We fail to reject the null hypothesis. Dropping these variables is acceptable;
we conclude that they do not affect spending.
2d) Answers depended on the final regression you ended up with. Most people
should have found that only salary and population matter.
2e) Answer depended on your final regression; most people should have gotten a
rise of $929,000, which is fairly reasonable. Most people should have found
that a rise in state aid has no effect on spending, because it was dropped from
the regression.
3a) The mean value of state aid is $2284 per student.
3b) The mean value of spending is $5114 per student. In an average state, the
state pays 2284/5114 = 44.7% of the costs. The highest value is $9159 per
student (in New Jersey), the lowest is $2993 (in Utah). This is an enormous
variation; some states spend more than three times as much educating their
children as others do.
3c) The variables are fairly strongly correlated, positively. States with
higher incomes per capita spend more per student.
4a) Four parameters are significant, three are not. State aid, school age
fraction, salary, and minority affect spending, income per capita and
population do not. This is two more than in the previous regression. It is
surprising that income per capita does not affect spending; one would think
richer states could afford more education spending.
4b) The correlation is 0.82. They are probably correlated because in a high
income area, you need to pay teachers more to get them to take teaching jobs.
Cost of living may be higher in those areas also, requiring higher teacher
salaries. Because incomepc and salary are highly correlated, we cannot include
both in this regression. By dropping incomepc we attribute all income effects
to teacher salaries.
4c) The test statistic is 2.12 against a critical value of 2.02. We reject this
null hypothesis, albeit not by much. Increases in state aid do increase total
spending.
4d) The test statistic is (0.289-1)/0.136 = -5.228. We reject this null
hypothesis also. A $1 increase in state aid increases total spending by less
than $1.
4e) The 95% confidence interval is 0.289 +/- 2.02*0.136 = [0.014, 0.564]. A 10
cent increase is a reasonable belief; a 75 cent increase is not reasonable.

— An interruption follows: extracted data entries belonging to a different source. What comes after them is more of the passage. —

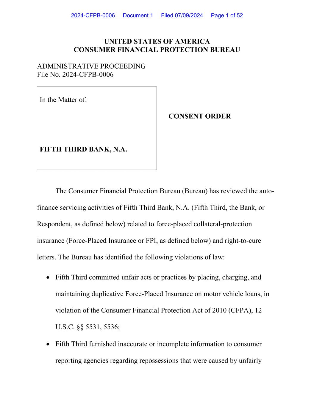 UNITED STATES OF AMERICA CONSUMER FINANCIAL PROTECTION BUREAU ADMINISTRATIVE PROCEEDING File No. 2024-CFPB-0006 In the Matter of: CONSENT ORDER FIFTH THIRD BANK, N.A. The Consumer Financial Protection Bureau (Bureau) has reviewed the auto- finance servicing activities of Fifth Third Bank, N.A. (Fifth Third, the Bank, or Respondent, as defined below) related to force-placed collateral-protection insurance (Force-Placed Insurance or FPI, as defined below) and right-to-cure letters. The Bureau has identified the following violations of law: Fifth Third committed unfair acts or practices by placing, charging, and maintaining duplicative Force-Placed Insurance on motor vehicle loans, in violation of the Consumer Financial Protection Act of 2010 (CFPA), 12 U.S.C. §§ 5531, 5536; Fifth Third furnished inaccurate or incomplete information to consumer reporting agencies regarding repossessions that were caused by unfairly 2024-CFPB-0006 Document 1 Filed 07/09/2024 Page 1 of 52
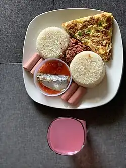 Braised rice is a Ghanaian style of cooking rice. It is known as angwa moo in the Akan language, literally "oil rice" or omɔ kɛ fɔ(omor ker for) in the Ga language.[1] It is prepared with few ingredients.[2][3] and is usually balanced with some vegetables and any other accompaniment to balance the diet.[1][4] The braised rice is served with ground pepper or shito, and served with fried eggs, omelette or sardine.
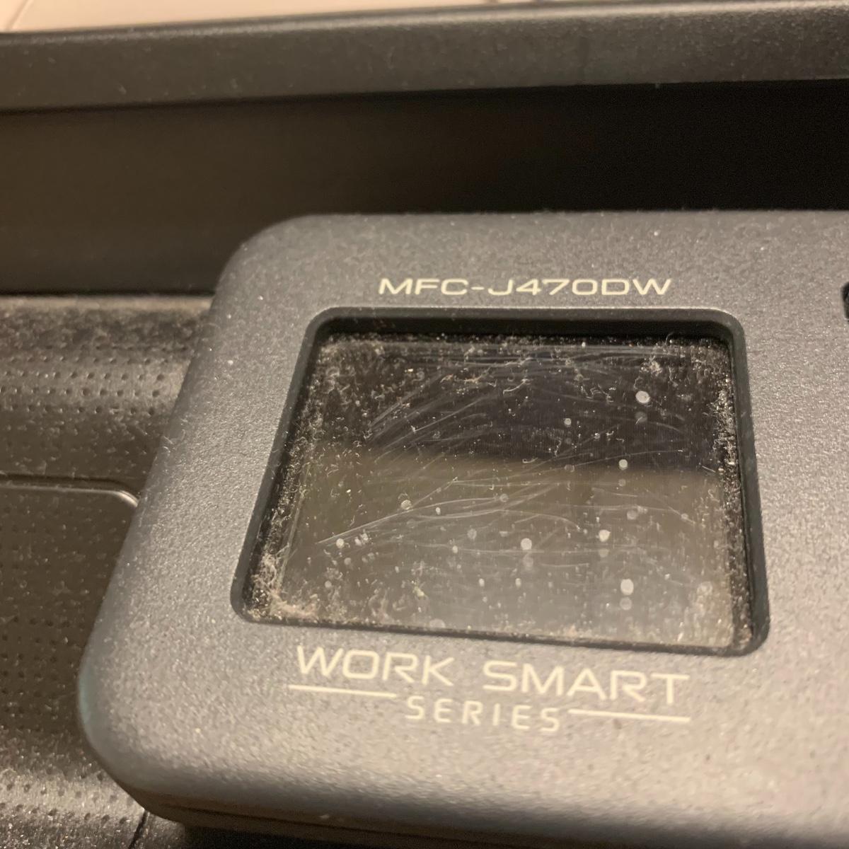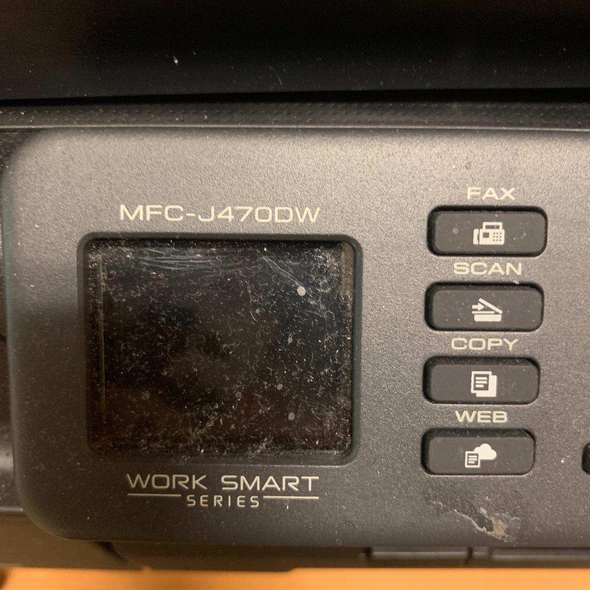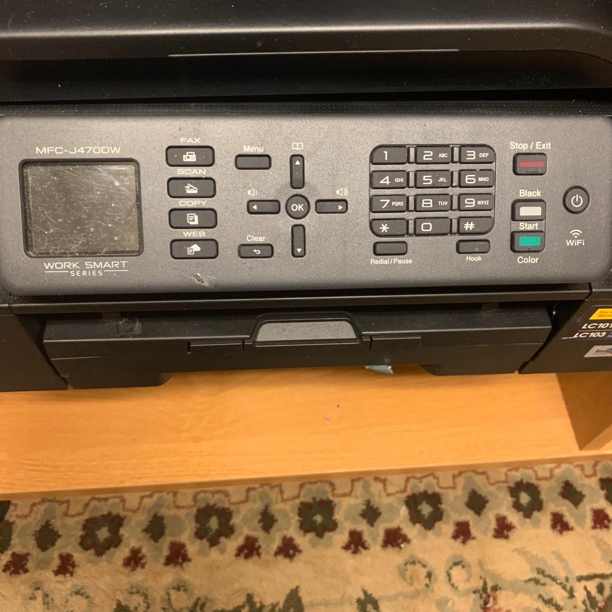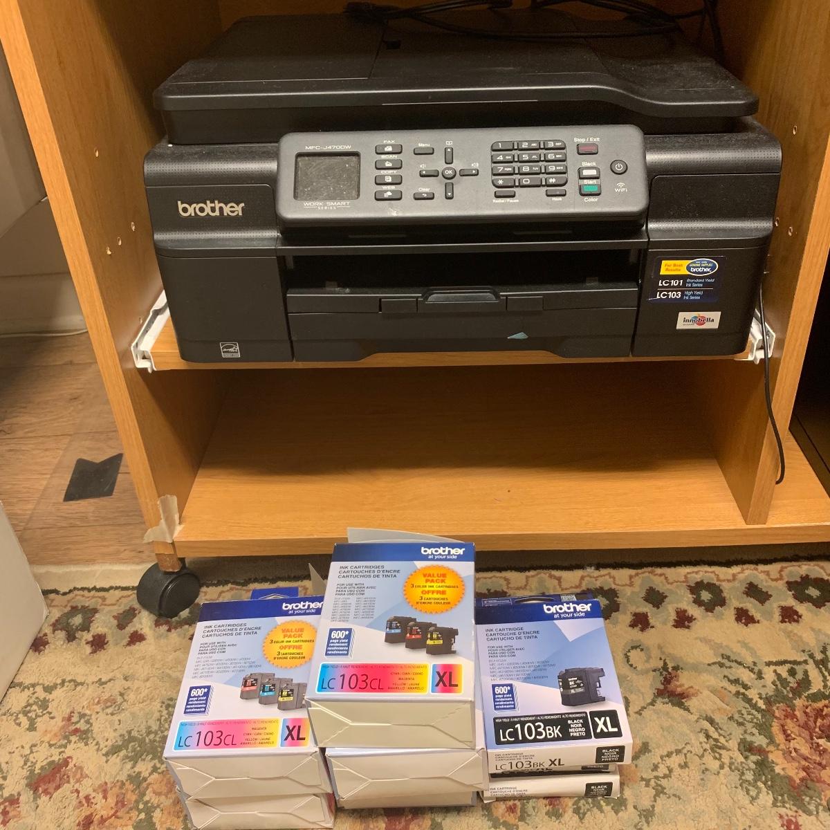 This lot includes one Brother MFC-J470DW printer and eight cartridges of Brother ink. There are five packages of colored ink cartridges and three packages of black ink cartridges. The printer screen is slightly scratched (see photos). Cannot confirm the printer works. It measures 14.5in x 16in x 8in.

4f) Predict a rise of $100*0.289 = $28.90. Local taxes must be reduced by
$71.10 in that case.
5. Answers to this problem varied depending on what regression you ended up
with. Most people should have ended up keeping stateaidps, schoolage, salary,
and minority. States with many schoolchildren have lower education spending per
student, either because large classes are cheaper or because states with many
children can’t be as generous with each one. Salary matters because if you have
to pay teachers more, education costs more. It is not clear why minority
matters, but several explanations are possible. It is probably not due to lower
income for minorities, because incomepc dropped out of the equation. It may
have something to do with poor inner city schools, or with a lower willingness
to pay for education in states with large minority populations. Your essay
should have concluded that local governments do reduce their own taxes when
they get state aid, by about 70 cents for each dollar of state aid. State aid
helps but only at about 30 cents on the dollar because of this substitution.